Sticky Hands
Icecreamed when I read
his bitter words through
imessage.
Each syllable took turns
flicking each one of my
eyeballs
left. right. left. right.
Puffy red eyes were always
my thing
because it didn’t matter
how sweet I was to him,
his arrogance was never left
behind &
it always entered the new year
with
us
I like chocolate,
he liked rum raisin
Can’t we get a scoop of each?
“No… Hi, we’d like a cone of rum raisin please”
I carried pieces of my
ripped nails &
squashed raisins
in my sweaty left hand for 1 year
every uneven piece <
every one of byron’s
tantrums <
every curse word
I wanted to say to him
I hated it there just as much as I hated the idea
of sharing my bed with a new person &
him not filling the awkward silences
while I stare
at my pink hearted Home Depot ceiling fan
reanalyzing the bad dreams
I had the night before
with a pen and pad on my thighs
That year, we ate rum raisin
every Saturday.
53 times. I said to myself.
I will leave him. While spitting
raisins out as he’d sweettalk himself.
_________________________
I am from the Dominican Republic where we love to go to a famous ice cream shop called Bón. Rum raisin is one of their most famous ice cream flavors, but I have not been able to come around to truly eating it because of the raisins (They’re a deal breaker for me!). I associate raisins with this past lover because rum raisin was my lover’s favorite ice cream flavor. I simply like chocolate ice cream, but we were never able to compromise on getting a scoop of each flavor. In this poem, I reflect about a past lover who was too selfish and self-centered to notice or care about the things that I liked as well.

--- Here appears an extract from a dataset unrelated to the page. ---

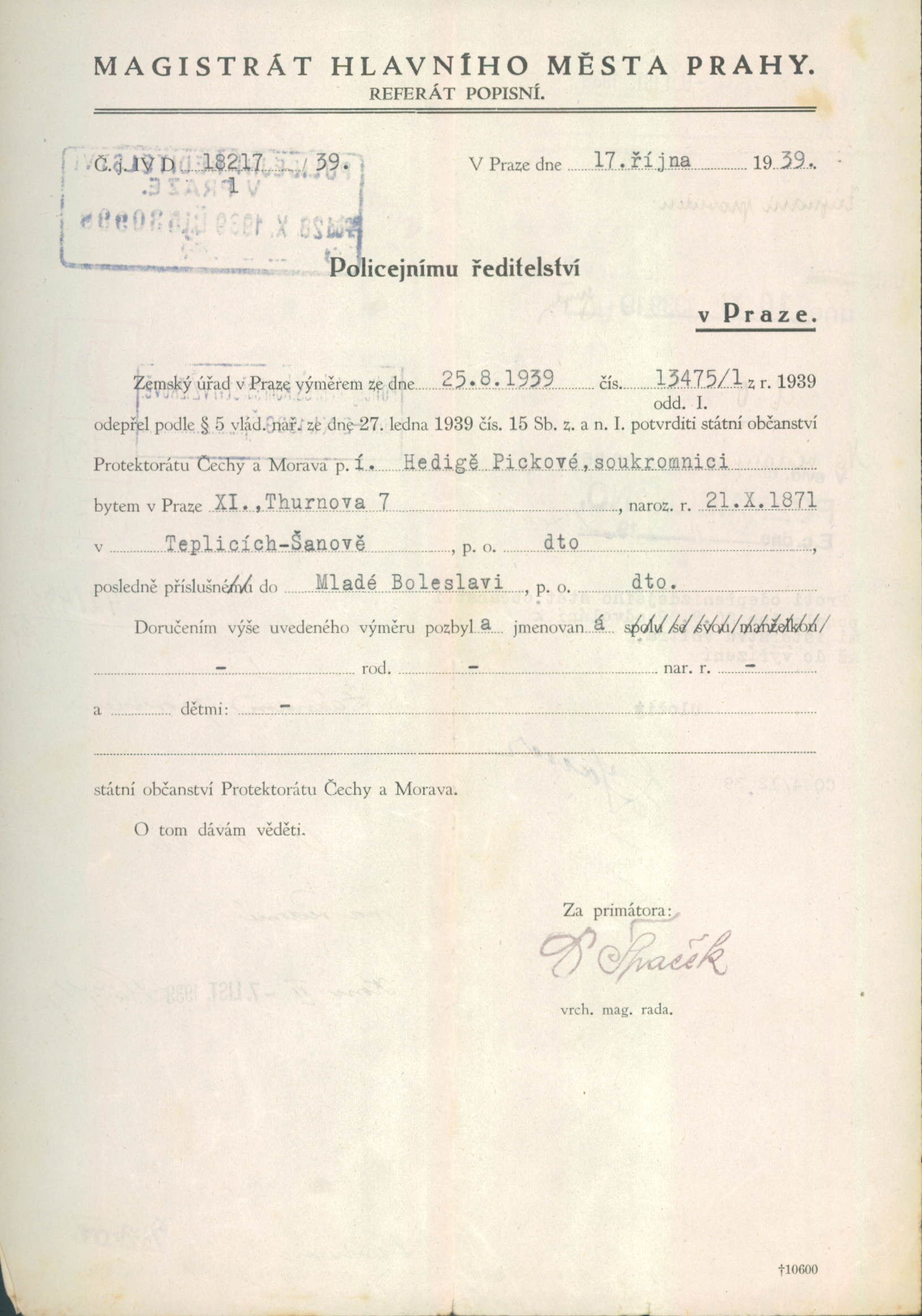 Picková Hedvika: Ztráta státního občanství

Overall, this is a reflection of the type of person I once was. Someone who was willing to put up with just about anything because I got too comfortable being around this one person. The line, “I hated it there just as much as I hated the idea/of sharing my bed with a new person &/him not filling the awkward silences/while I stare/ at my pink hearted Home Depot ceiling fan/reanalyzing the bad dreams/I had the night before/with a pen and pad on my thighs” conveys how I preferred the presence of someone who refused to take my feelings in consideration than being by myself or with someone new. This person became my safety blanket though most of the time I was treated horribly because I got used to them always being there. Their presence made me feel safe, especially when I had my nightmares for they were always there to help me analyze my nightmares.
I enjoy including dialogue in my poems because including another person’s words besides mine and my interpretation shows that they are present even when I reflect about the past. Usually only my side, words, and interpretation of the situation are read in my poems, but I thought it would be nice for the audience to get at least one line from the person I write about. Thank you so much for reading!